The Scleroderma Chronicles: June is Scleroderma Awareness Month

Five years ago the course of my life altered forever when some blood test results ordered by my doctor arrived: the results showed that I definitely had two autoimmune diseases. Specifically, I was producing antibodies that were diagnostic for scleroderma and Sjogren’s disease. I was expecting lupus, so this was kind of a surprise shock. After a quick trip to Google to establish what type of scleroderma was associated with my positive test results I burst into tears. It was worse, much worse, then I expected.

The scleroderma diagnosis was the problem. Through an unbelievable sequence of serendipitous life events I was more knowledgeable then the average newly diagnosed patient, and I knew that scleroderma was a disease that impacted connective tissue, that it was progressive, disabling, and that there was no cure. This was a life-altering diagnosis, and I was in for a long fight that would last the rest of my life.

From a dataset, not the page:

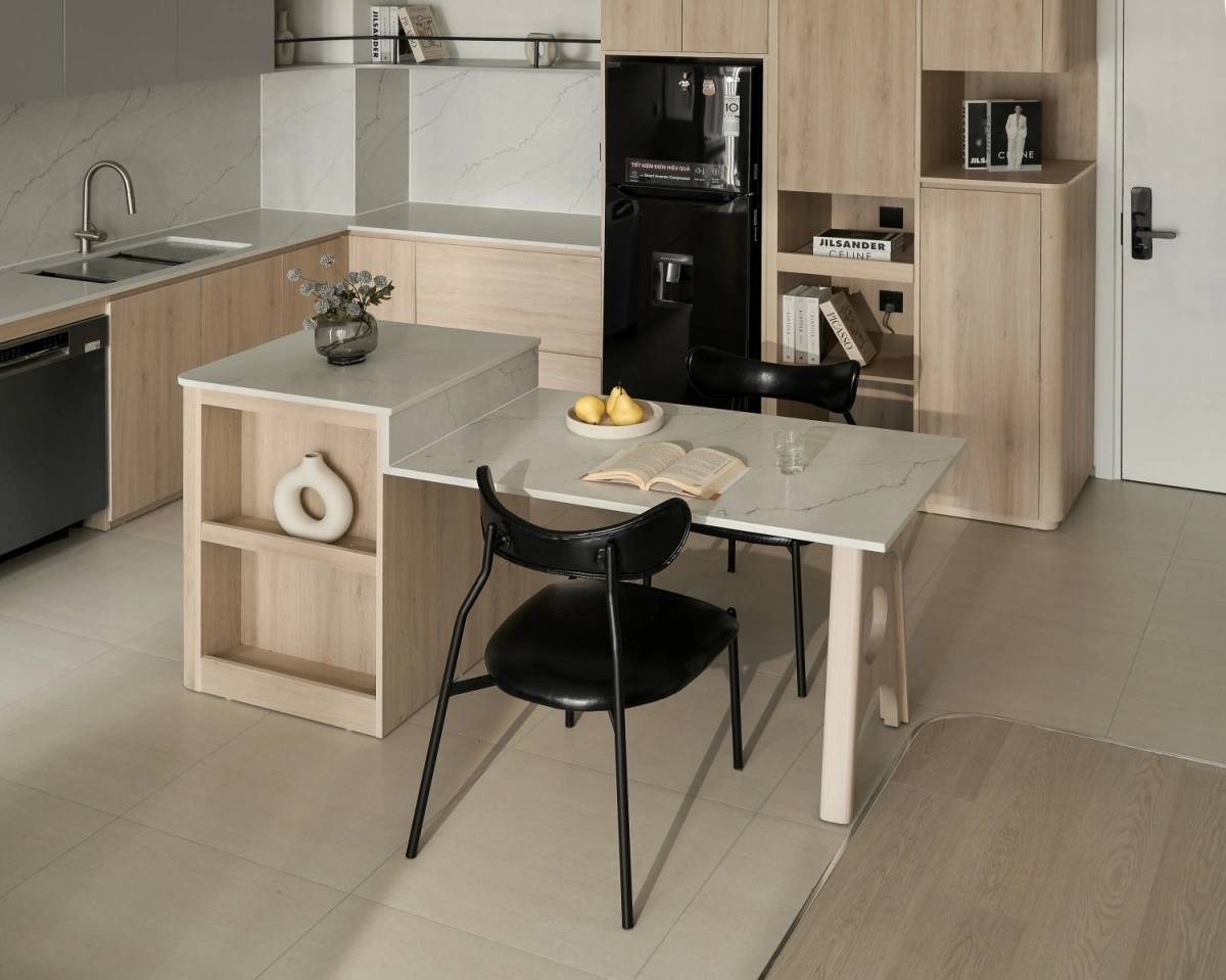 Bếp bố trí sát cửa ra vào, kết hợp đảo bếp và bàn ăn, phân tách khu vực bằng gạch sàn, tạo ranh giới nhẹ giữa bếp và phòng khách.

You see, I used to work in a rheumatology research lab, and I did research in scleroderma. I was a member of the research team that found the first identified antigen associated with scleroderma. I had visited scleroderma patients in the hospital. Later in my life I taught AP Biology and spent years trying to explain connective tissue to students.  It’s a type of tissue that we just never think of, but it is critical in organizing and operating our bodies. Connective tissue makes your skin elastic and strong. It organizes your muscles and makes up your tendons and ligaments. It is a critical layer in your blood vessels, and is part of the essential structure of all of your organs.  In scleroderma all or parts of this connective tissue is under attack by your immune system.

As white blood cells invade my tissues and attack this connective tissue it produces too much collagen in response. The built up collagen produces thick layers of tissue and scarring. My fingers look really swollen, but it is actually very thick hard skin. My skin is also getting really shiny which means that the collagen is hardening up and losing flexibility. Must knit faster!!

You can perhaps see that same thickness on my face, especially on my cheeks. It means that I don’t have wrinkles, but it is also hard to open my mouth, my smile is mostly gone, and I can’t turn my neck well. Crazy, huh.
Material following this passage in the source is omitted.